Directions for this task:
Please write out every entry below exactly, leaving out any pictures.

Data extracted from a collection:
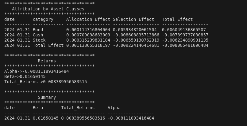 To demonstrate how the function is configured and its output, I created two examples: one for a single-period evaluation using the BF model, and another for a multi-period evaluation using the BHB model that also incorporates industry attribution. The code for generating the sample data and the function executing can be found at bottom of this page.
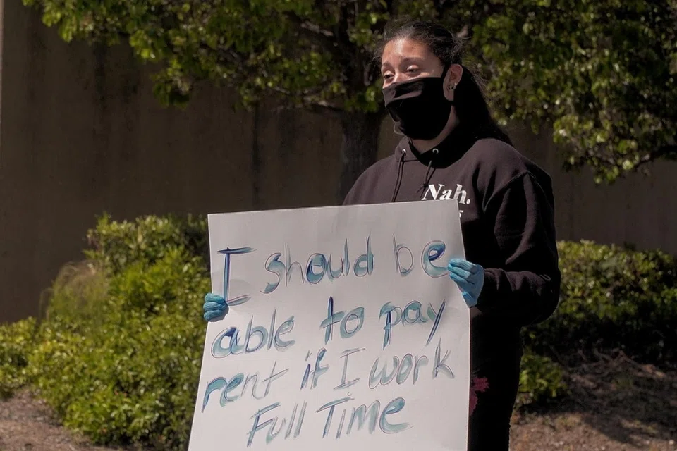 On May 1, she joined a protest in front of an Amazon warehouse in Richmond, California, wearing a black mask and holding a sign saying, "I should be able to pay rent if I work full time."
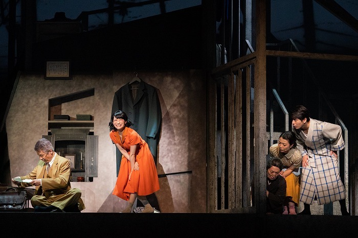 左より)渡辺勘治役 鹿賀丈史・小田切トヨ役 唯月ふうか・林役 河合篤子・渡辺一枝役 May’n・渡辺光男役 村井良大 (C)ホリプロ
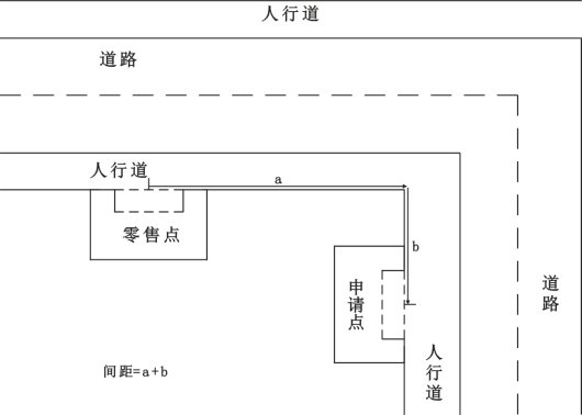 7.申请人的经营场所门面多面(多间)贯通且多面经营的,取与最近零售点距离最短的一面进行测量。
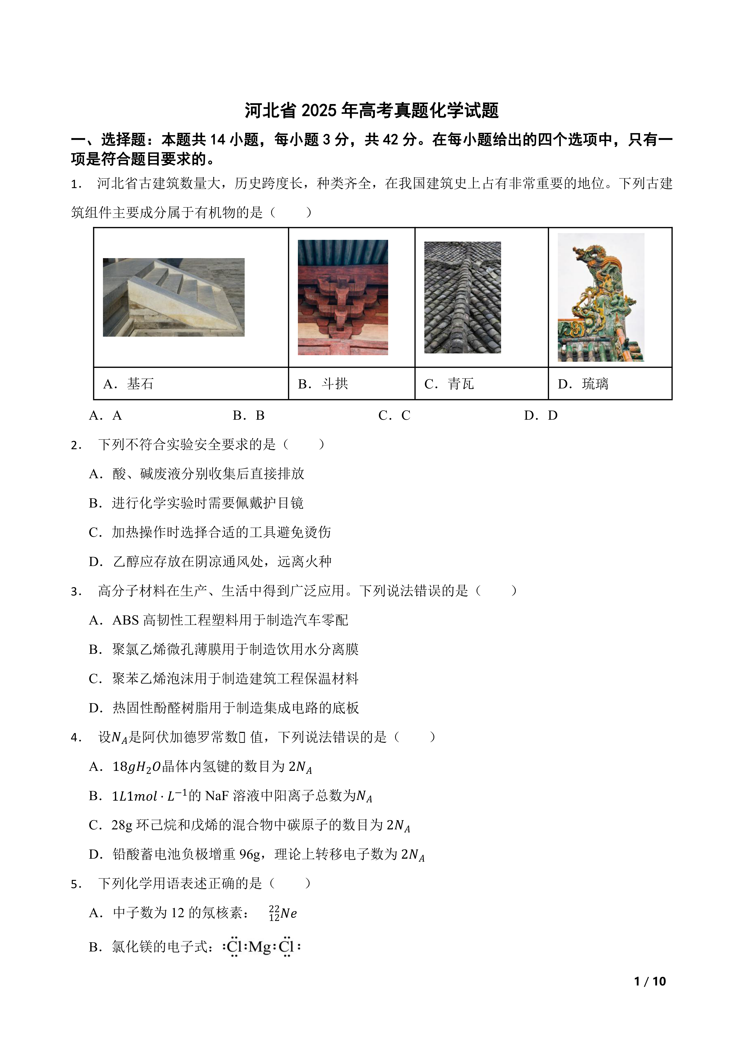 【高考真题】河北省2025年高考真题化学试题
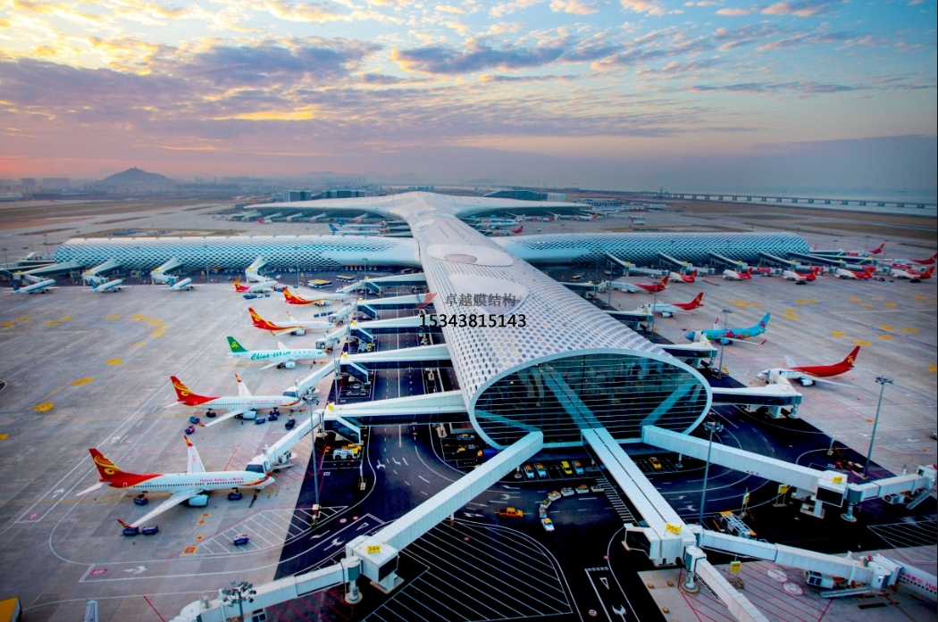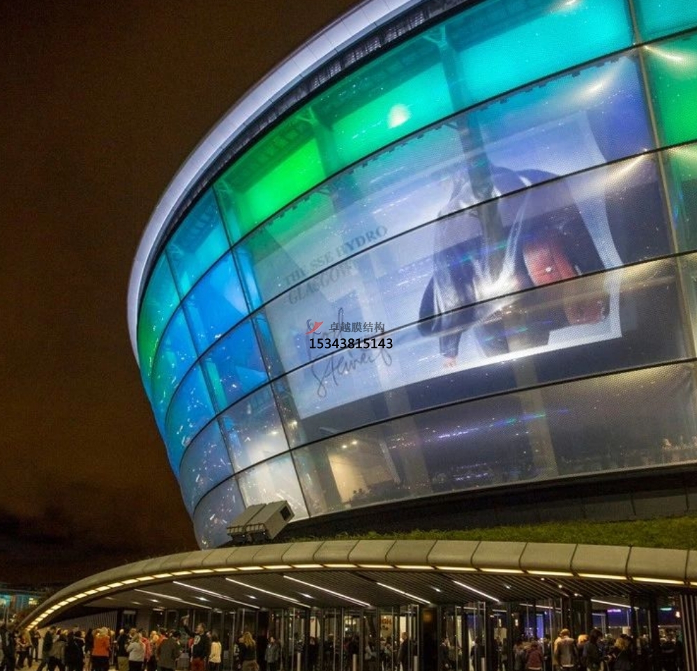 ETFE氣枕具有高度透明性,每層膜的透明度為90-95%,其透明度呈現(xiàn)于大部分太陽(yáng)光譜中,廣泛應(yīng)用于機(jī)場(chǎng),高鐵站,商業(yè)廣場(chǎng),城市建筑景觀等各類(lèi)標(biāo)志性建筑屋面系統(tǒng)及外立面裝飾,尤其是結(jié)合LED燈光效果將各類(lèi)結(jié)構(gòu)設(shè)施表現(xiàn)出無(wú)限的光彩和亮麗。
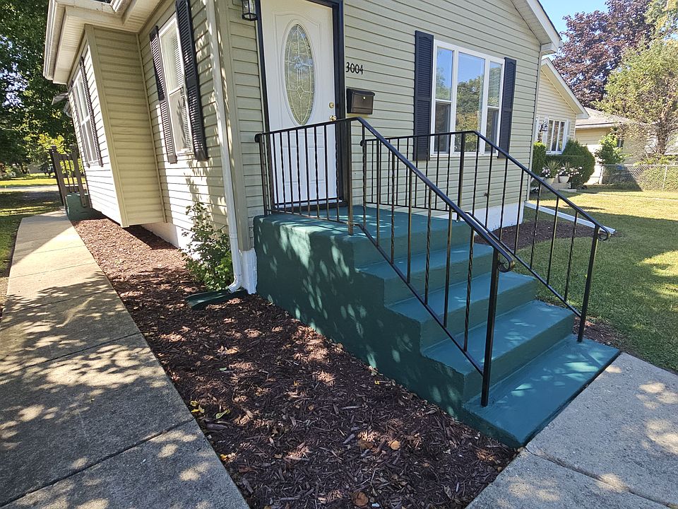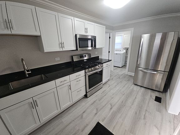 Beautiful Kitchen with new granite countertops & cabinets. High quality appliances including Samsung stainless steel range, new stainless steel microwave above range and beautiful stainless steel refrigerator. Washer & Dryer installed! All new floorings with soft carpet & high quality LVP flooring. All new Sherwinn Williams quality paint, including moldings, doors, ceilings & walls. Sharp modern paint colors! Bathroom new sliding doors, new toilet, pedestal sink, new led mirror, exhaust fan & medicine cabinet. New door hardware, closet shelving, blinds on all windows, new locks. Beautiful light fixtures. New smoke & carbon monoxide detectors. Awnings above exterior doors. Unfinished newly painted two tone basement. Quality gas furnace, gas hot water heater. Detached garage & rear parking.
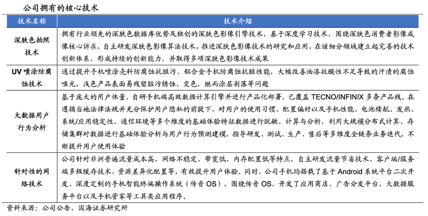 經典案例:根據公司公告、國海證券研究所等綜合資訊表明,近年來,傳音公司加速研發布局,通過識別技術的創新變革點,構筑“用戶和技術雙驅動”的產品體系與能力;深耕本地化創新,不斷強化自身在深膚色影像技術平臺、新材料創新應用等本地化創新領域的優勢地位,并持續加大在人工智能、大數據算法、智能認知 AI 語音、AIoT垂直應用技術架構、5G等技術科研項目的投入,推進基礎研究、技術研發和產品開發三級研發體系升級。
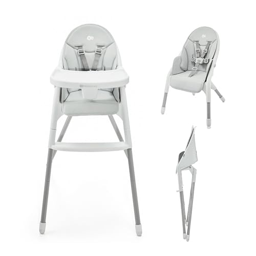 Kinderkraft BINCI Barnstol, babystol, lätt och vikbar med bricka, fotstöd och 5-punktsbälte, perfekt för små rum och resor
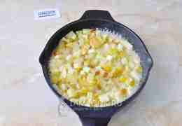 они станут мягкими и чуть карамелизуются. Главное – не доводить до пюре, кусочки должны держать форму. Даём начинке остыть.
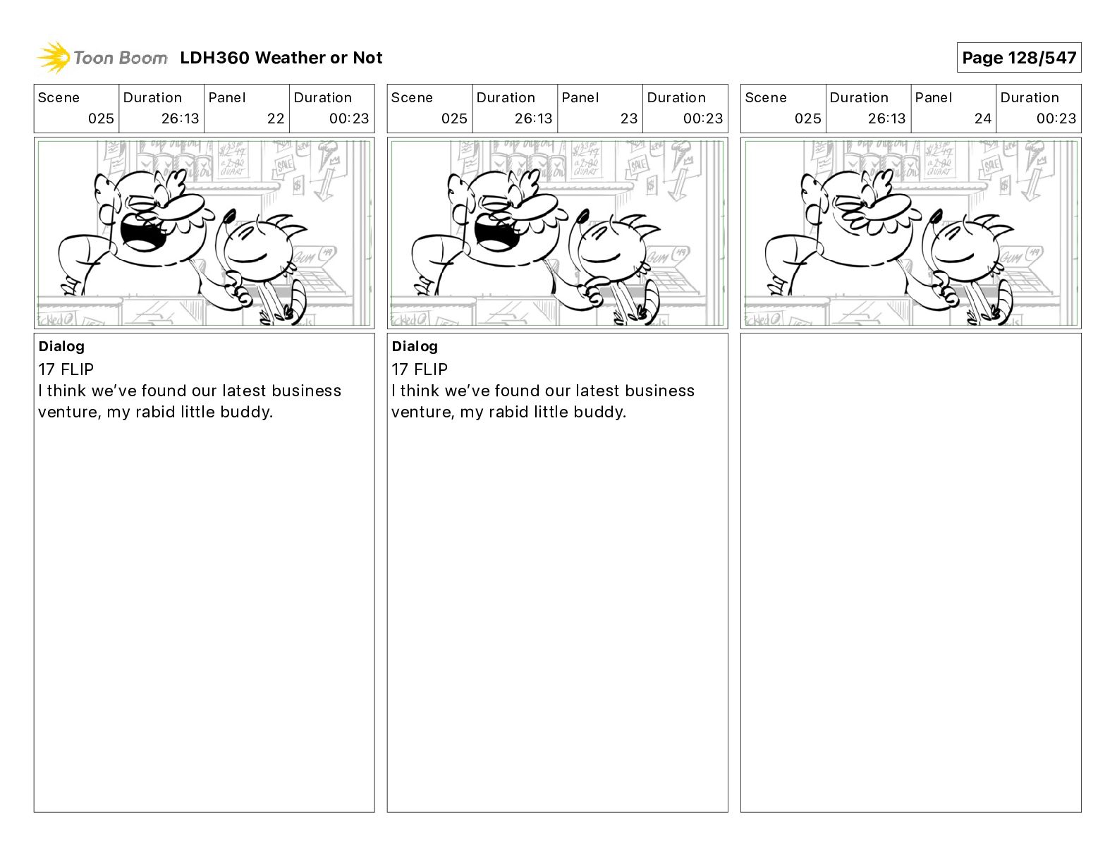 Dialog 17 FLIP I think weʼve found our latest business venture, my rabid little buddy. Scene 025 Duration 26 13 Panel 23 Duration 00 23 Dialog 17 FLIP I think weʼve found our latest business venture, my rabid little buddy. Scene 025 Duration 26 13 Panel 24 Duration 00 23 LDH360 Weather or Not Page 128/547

Expected output:
 To demonstrate how the function is configured and its output, I created two examples: one for a single-period evaluation using the BF model, and another for a multi-period evaluation using the BHB model that also incorporates industry attribution. The code for generating the sample data and the function executing can be found at bottom of this page.
 On May 1, she joined a protest in front of an Amazon warehouse in Richmond, California, wearing a black mask and holding a sign saying, "I should be able to pay rent if I work full time."
 左より)渡辺勘治役 鹿賀丈史・小田切トヨ役 唯月ふうか・林役 河合篤子・渡辺一枝役 May’n・渡辺光男役 村井良大 (C)ホリプロ
 7.申请人的经营场所门面多面(多间)贯通且多面经营的,取与最近零售点距离最短的一面进行测量。
 【高考真题】河北省2025年高考真题化学试题
 ETFE氣枕具有高度透明性,每層膜的透明度為90-95%,其透明度呈現(xiàn)于大部分太陽(yáng)光譜中,廣泛應(yīng)用于機(jī)場(chǎng),高鐵站,商業(yè)廣場(chǎng),城市建筑景觀等各類(lèi)標(biāo)志性建筑屋面系統(tǒng)及外立面裝飾,尤其是結(jié)合LED燈光效果將各類(lèi)結(jié)構(gòu)設(shè)施表現(xiàn)出無(wú)限的光彩和亮麗。
 Beautiful Kitchen with new granite countertops & cabinets. High quality appliances including Samsung stainless steel range, new stainless steel microwave above range and beautiful stainless steel refrigerator. Washer & Dryer installed! All new floorings with soft carpet & high quality LVP flooring. All new Sherwinn Williams quality paint, including moldings, doors, ceilings & walls. Sharp modern paint colors! Bathroom new sliding doors, new toilet, pedestal sink, new led mirror, exhaust fan & medicine cabinet. New door hardware, closet shelving, blinds on all windows, new locks. Beautiful light fixtures. New smoke & carbon monoxide detectors. Awnings above exterior doors. Unfinished newly painted two tone basement. Quality gas furnace, gas hot water heater. Detached garage & rear parking.
 經典案例:根據公司公告、國海證券研究所等綜合資訊表明,近年來,傳音公司加速研發布局,通過識別技術的創新變革點,構筑“用戶和技術雙驅動”的產品體系與能力;深耕本地化創新,不斷強化自身在深膚色影像技術平臺、新材料創新應用等本地化創新領域的優勢地位,并持續加大在人工智能、大數據算法、智能認知 AI 語音、AIoT垂直應用技術架構、5G等技術科研項目的投入,推進基礎研究、技術研發和產品開發三級研發體系升級。
 Kinderkraft BINCI Barnstol, babystol, lätt och vikbar med bricka, fotstöd och 5-punktsbälte, perfekt för små rum och resor
 они станут мягкими и чуть карамелизуются. Главное – не доводить до пюре, кусочки должны держать форму. Даём начинке остыть.
 Dialog 17 FLIP I think weʼve found our latest business venture, my rabid little buddy. Scene 025 Duration 26 13 Panel 23 Duration 00 23 Dialog 17 FLIP I think weʼve found our latest business venture, my rabid little buddy. Scene 025 Duration 26 13 Panel 24 Duration 00 23 LDH360 Weather or Not Page 128/547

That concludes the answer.